[EXERCISE DETAILS] From the records below, print only the part that opens with the line containing "图:LISA-太极网络可极大" and closes with the line containing "Martial is modern"; omit the pictures.

[DATA EXTRACTS]
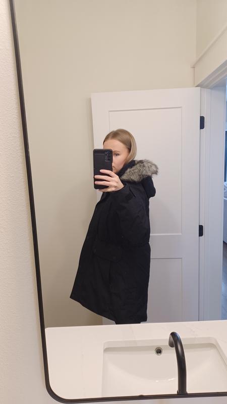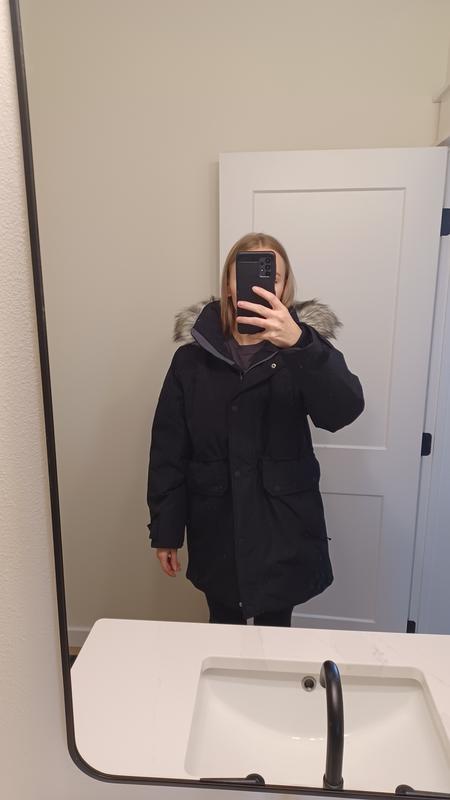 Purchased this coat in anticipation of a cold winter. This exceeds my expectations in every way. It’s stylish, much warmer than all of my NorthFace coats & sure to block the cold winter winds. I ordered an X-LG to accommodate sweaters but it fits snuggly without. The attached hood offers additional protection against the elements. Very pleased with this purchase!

==

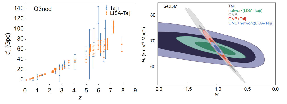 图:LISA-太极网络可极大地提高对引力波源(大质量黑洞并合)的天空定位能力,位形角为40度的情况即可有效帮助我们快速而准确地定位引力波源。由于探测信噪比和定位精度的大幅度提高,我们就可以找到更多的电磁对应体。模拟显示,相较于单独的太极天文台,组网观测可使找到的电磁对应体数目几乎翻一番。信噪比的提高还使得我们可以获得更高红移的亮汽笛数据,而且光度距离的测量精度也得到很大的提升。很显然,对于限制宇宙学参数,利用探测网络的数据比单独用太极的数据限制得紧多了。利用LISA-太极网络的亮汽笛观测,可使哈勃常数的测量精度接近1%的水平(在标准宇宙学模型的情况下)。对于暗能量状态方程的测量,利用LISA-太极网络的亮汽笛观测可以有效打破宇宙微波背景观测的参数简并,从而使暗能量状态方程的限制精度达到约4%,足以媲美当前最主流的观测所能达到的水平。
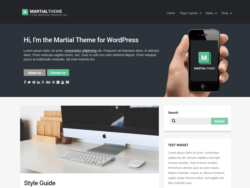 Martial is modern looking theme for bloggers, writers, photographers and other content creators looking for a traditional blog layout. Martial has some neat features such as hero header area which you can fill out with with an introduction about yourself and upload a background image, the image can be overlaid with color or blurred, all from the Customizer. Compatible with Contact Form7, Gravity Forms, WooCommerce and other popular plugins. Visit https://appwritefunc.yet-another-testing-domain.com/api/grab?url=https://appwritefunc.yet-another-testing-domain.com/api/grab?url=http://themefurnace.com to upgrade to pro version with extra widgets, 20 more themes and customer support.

* * *

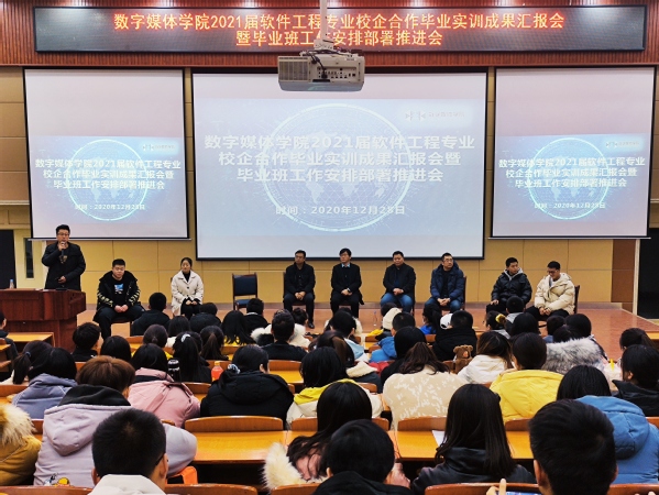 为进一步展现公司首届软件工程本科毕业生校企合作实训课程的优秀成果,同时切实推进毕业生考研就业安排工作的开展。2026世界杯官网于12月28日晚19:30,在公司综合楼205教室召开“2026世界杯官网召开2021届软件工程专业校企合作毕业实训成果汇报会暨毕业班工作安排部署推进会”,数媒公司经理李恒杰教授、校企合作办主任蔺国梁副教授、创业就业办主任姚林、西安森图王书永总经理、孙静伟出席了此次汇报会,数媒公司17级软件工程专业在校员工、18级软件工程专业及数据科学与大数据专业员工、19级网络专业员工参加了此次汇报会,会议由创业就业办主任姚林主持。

[RESPONSE TO THIS EXERCISE]
 图:LISA-太极网络可极大地提高对引力波源(大质量黑洞并合)的天空定位能力,位形角为40度的情况即可有效帮助我们快速而准确地定位引力波源。由于探测信噪比和定位精度的大幅度提高,我们就可以找到更多的电磁对应体。模拟显示,相较于单独的太极天文台,组网观测可使找到的电磁对应体数目几乎翻一番。信噪比的提高还使得我们可以获得更高红移的亮汽笛数据,而且光度距离的测量精度也得到很大的提升。很显然,对于限制宇宙学参数,利用探测网络的数据比单独用太极的数据限制得紧多了。利用LISA-太极网络的亮汽笛观测,可使哈勃常数的测量精度接近1%的水平(在标准宇宙学模型的情况下)。对于暗能量状态方程的测量,利用LISA-太极网络的亮汽笛观测可以有效打破宇宙微波背景观测的参数简并,从而使暗能量状态方程的限制精度达到约4%,足以媲美当前最主流的观测所能达到的水平。
 Martial is modern looking theme for bloggers, writers, photographers and other content creators looking for a traditional blog layout. Martial has some neat features such as hero header area which you can fill out with with an introduction about yourself and upload a background image, the image can be overlaid with color or blurred, all from the Customizer. Compatible with Contact Form7, Gravity Forms, WooCommerce and other popular plugins. Visit https://appwritefunc.yet-another-testing-domain.com/api/grab?url=https://appwritefunc.yet-another-testing-domain.com/api/grab?url=http://themefurnace.com to upgrade to pro version with extra widgets, 20 more themes and customer support.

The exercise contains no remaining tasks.